An AI Odyssey, Part 2: Prompting Peril

I was working with a colleague recently on a project involving the use of the OpenAI API.

I brought up the idea that, perhaps it is possible to improve the accuracy of API response by modifying the API call to increase the amount of reasoning performed.

My colleague quickly asked ChatGPT if this was possible, and the answer came back “No, it’s not possible to do that.” then I asked essentially the same question to my own instance of ChatGPT, and the answer was, “Yes, you can do it, but you need to use the OpenAI Responses API.”

How did we get such different answers? Was it the wording of the prompt? Was it the custom instructions given in the account personalization, where you describe who you are and how you want ChatGPT to respond? Is it possibly different conversation history? Many factors could have contributed to the different response. Unfortunately, many of these factors are either not easily controllable at the user level or not convenient to change to alternatives in a protracted trial and error search.

I’ve had other times when I will first get a highly standardized, generic answer from ChatGPT, even in Thinking mode, that I know is not quite right or just seems off. Then when I push back, I may get a profoundly different answer.

It’s simply a fact that large language models are conditional probabilistic systems that do not guarantee reproducibility in practice, even given the same inputs, even at temperature=0 [1]. Their outputs depend sensitively on prompt wording, context window contents, system instructions, and model configuration. Small differences in these inputs can yield substantially different outputs.

How well an AI chatbot responds can obviously have a massive impact on how effective the tool will be for your use case. Differences in responses could materially affect the outcome of your project. I take this as a wake-up call to be persistent, vigilant and flexible in attempts to obtain reliable answers from these new AI tools.

Notes

[1] (some) sources of nondeterminism: floating point / GPU nondeterminism, differing order of operations from distributed collectives, ties or near-ties in token probabilities, backend/infrastructure changes, model routing, hidden system prompt differences or tool availability.

4 thoughts on “An AI Odyssey, Part 2: Prompting Peril

  1. I have the same experience, especially with having the tools write code to query their own APIs. I have had good experience though with the newer tools and using web-search — you have the tool review the current codebase first, then ask a follow up question.

  2. Transformer attention dynamics are inherently metastable.

    https://arxiv.org/abs/2512.01868

    Tokens organize into multi-cluster configurations and the metastability means small perturbations push the system into different basins, producing different outputs. The contradictory answers are saddle-basin crossings, not model failures. The “generic answer followed by a better answer after pushback” is the attractor pulling the system toward collapsed consensus, then perturbation forcing it back into a richer metastable state.

    An important social consequence is that the asymmetric cost of eliminating the KL divergence between the model and the users falls entirely on users. Unlike other expert systems with stable descriptions, an LLM’s effective distribution shifts between sessions, requiring repetitive payments of this asymmetric cost. Users have had to learn prompt engineering to adapt to the model.

    Formal verification cannot transfer to this setting because verification assumes a stable transition function. An LLM’s output is an interference sum over an astronomically large path space, sensitive to the full context window and infrastructure routing.
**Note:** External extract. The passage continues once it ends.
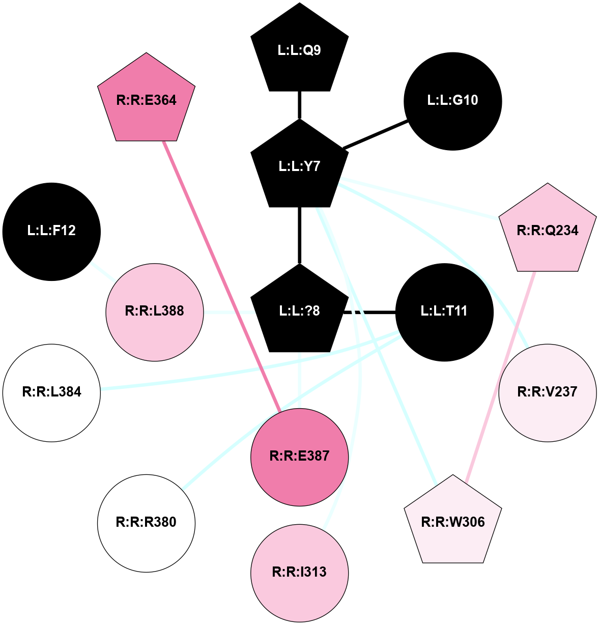 (Click to enlarge 🔍) | | Node1 | Node2 | LinkStrength | Comm | IsNode1Hub? | IsNode2Hub? | Node1Cons | Node2Cons | Node1Shell | Node2Shell | | L:L:?8 | L:L:Y7 | 3.37 | 0 | Yes | Yes | 0 | 0 | 0 | 1 | | L:L:Q9 | L:L:Y7 | 3.38 | 1 | Yes | Yes | 0 | 0 | 2 | 1 | | L:L:G10 | L:L:Y7 | 5.79 | 0 | No | Yes | 0 | 0 | 2 | 1 | | L:L:Y7 | R:R:Q234 | 13.53 | 1 | Yes | Yes | 0 | 7 | 1 | 2 | | L:L:Y7 | R:R:V237 | 23.97 | 1 | Yes | No | 0 | 6 | 1 | 2 | | L:L:Y7 | R:R:W306 | 4.82 | 1 | Yes | Yes | 0 | 6 | 1 | 2 | | L:L:Y7 | R:R:I313 | 4.84 | 1 | Yes | No | 0 | 7 | 1 | 2 | | L:L:?8 | L:L:T11 | 9.88 | 0 | Yes | No | 0 | 0 | 0 | 1 | | L:L:?8 | R:R:E387 | 17.77 | 0 | Yes | No | 0 | 8 | 0 | 1 | | L:L:?8 | R:R:L388 | 5.3 | 0 | Yes | No | 0 | 7 | 0 | 1 | | L:L:T11 | R:R:R380 | 3.88 | 0 | No | No | 0 | 5 | 1 | 2 | | L:L:T11 | R:R:L384 | 4.42 | 0 | No | No | 0 | 5 | 1 | 2 | | L:L:F12 | R:R:L388 | 4.87 | 0 | No | No | 0 | 7 | 2 | 1 | | R:R:Q234 | R:R:W306 | 4.38 | 1 | Yes | Yes | 7 | 6 | 2 | 2 | | R:R:E364 | R:R:E387 | 12.69 | 1 | Yes | No | 8 | 8 | 2 | 1 | |

No finite description exists to verify against.

    Worth pointing out, however, that the metastability is both a reliability liability and a source of the LLM’s expressivity. Eliminating metastability to achieve formal reliability would drive the system to its attractor — a generic, collapsed, useless response. Selective stabilization of high-stakes outputs, while preserving metastable expressivity elsewhere, is the unsolved engineering problem you’ve framed very well in these posts!

    Programming is evolving from a process of understanding user needs and building a complete map from every possible input to every possible output into a role more like managing people and problem selection — identifying the relevant context, architecture, and heuristics for exploration of the sparse, high dimensional landscape in which the highest impact solutions remains hidden.

    Or just supervising the LLMs in building out the known solutions to known problems. And maintaining those solutions over time. Both are important!

  3. I had a similar experience. I started with ChatGPT and another AI when I tried to update my website to the latest Bootstrap. I spent a week getting contradictory answers, broken instructions, and incompatible steps.
    I don’t write prompts — I write contracts. Full-page requirements, interfaces, invariants. When I switched to my alternate AI and applied that contract-driven workflow, we upgraded the entire system in a couple of hours and I deployed to Winhost the same day.
    The pattern matches what you describe: when the model drifts, it’s usually because the interface isn’t explicit enough. I design clear boundaries, use repeatable patterns, and treat the AI as a stateful collaborator with incremental refinement.
    The biggest lesson for me has been to let the AI surface contradictions early so I can resolve them before proceeding. Once the inconsistencies are exposed and the contract is stable, then I move to the APIs.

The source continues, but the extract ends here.